Entries shown -
^^^^^^^^^^^^^^^^
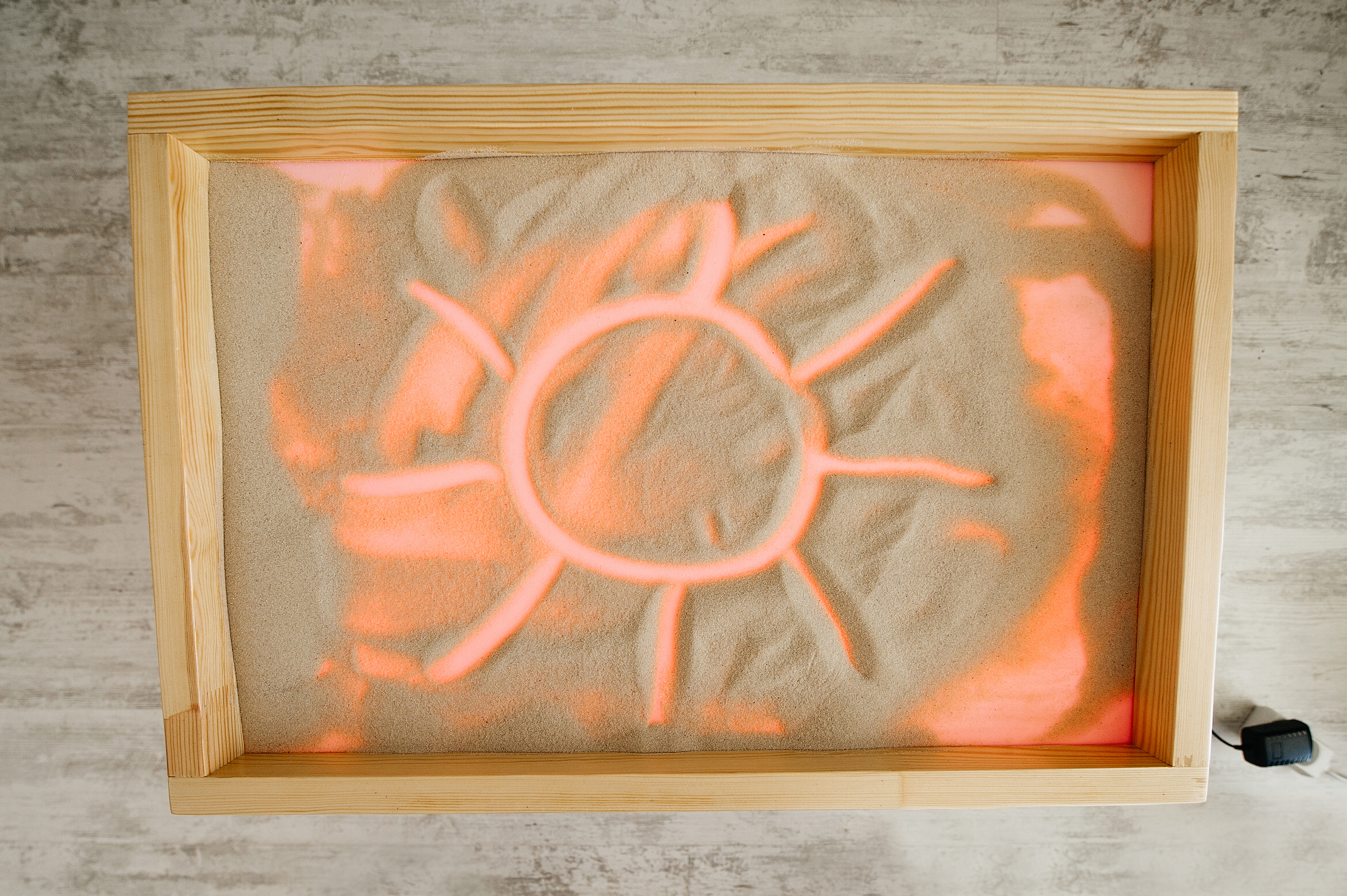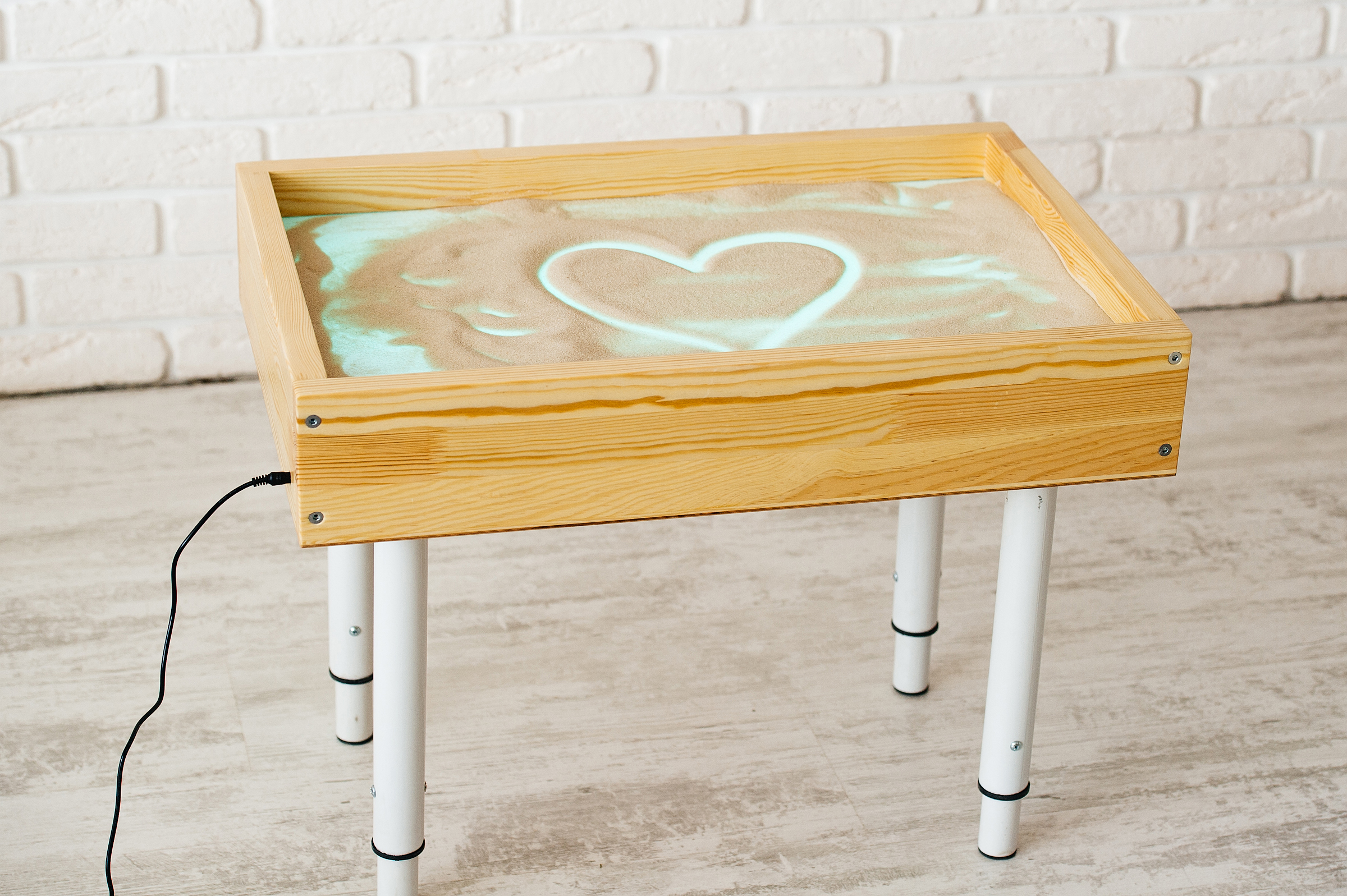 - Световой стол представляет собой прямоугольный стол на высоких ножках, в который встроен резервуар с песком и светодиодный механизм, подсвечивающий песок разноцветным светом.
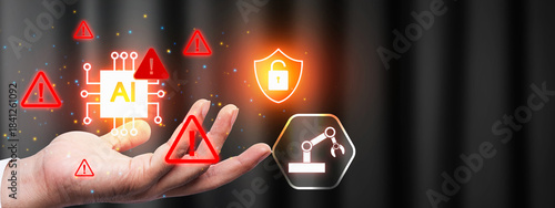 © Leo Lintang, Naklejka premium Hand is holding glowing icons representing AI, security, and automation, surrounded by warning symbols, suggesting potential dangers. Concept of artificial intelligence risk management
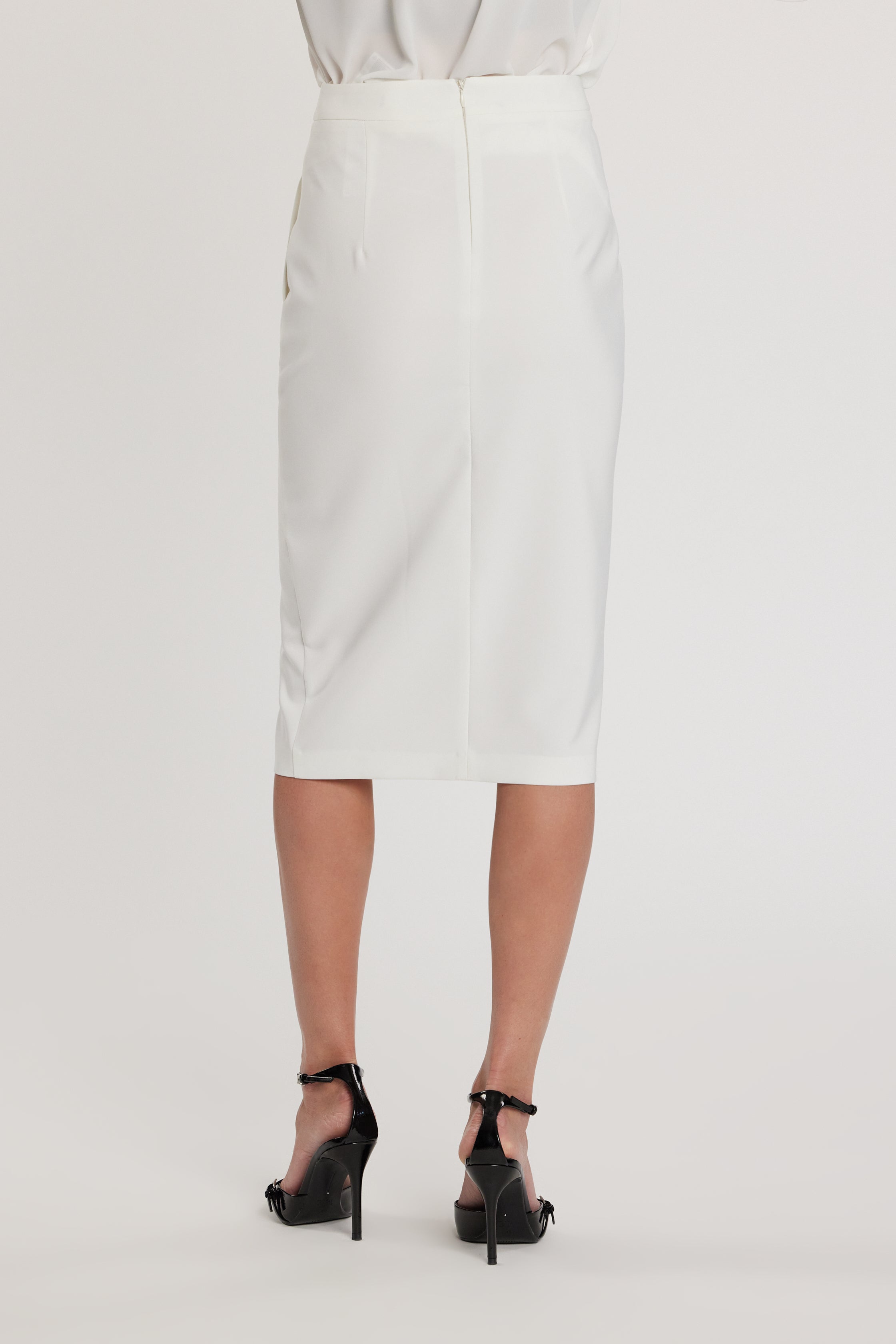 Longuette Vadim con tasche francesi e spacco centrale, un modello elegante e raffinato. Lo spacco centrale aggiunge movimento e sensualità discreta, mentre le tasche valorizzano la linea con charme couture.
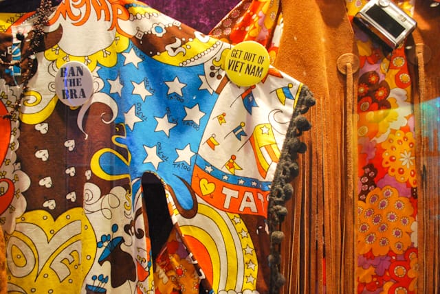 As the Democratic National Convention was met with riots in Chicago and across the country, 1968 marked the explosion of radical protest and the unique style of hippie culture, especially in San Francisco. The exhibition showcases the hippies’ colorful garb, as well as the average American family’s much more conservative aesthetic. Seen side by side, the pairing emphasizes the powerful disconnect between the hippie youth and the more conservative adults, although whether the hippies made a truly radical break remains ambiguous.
^^^^^^^^^^^^^^^^
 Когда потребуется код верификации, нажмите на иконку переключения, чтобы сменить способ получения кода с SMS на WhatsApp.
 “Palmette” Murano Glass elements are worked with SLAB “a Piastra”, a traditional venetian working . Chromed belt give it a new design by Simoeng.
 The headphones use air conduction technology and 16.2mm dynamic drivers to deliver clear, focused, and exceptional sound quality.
^^^^^^^^^^^^^^^^
What you have to do -
A clean copy is needed of the lines in the listing above from the one with "- Световой стол" through the one with "As the Democratic", exact in every word and free of pictures.

Written answer -
 - Световой стол представляет собой прямоугольный стол на высоких ножках, в который встроен резервуар с песком и светодиодный механизм, подсвечивающий песок разноцветным светом.
 © Leo Lintang, Naklejka premium Hand is holding glowing icons representing AI, security, and automation, surrounded by warning symbols, suggesting potential dangers. Concept of artificial intelligence risk management
 Longuette Vadim con tasche francesi e spacco centrale, un modello elegante e raffinato. Lo spacco centrale aggiunge movimento e sensualità discreta, mentre le tasche valorizzano la linea con charme couture.
 As the Democratic National Convention was met with riots in Chicago and across the country, 1968 marked the explosion of radical protest and the unique style of hippie culture, especially in San Francisco. The exhibition showcases the hippies’ colorful garb, as well as the average American family’s much more conservative aesthetic. Seen side by side, the pairing emphasizes the powerful disconnect between the hippie youth and the more conservative adults, although whether the hippies made a truly radical break remains ambiguous.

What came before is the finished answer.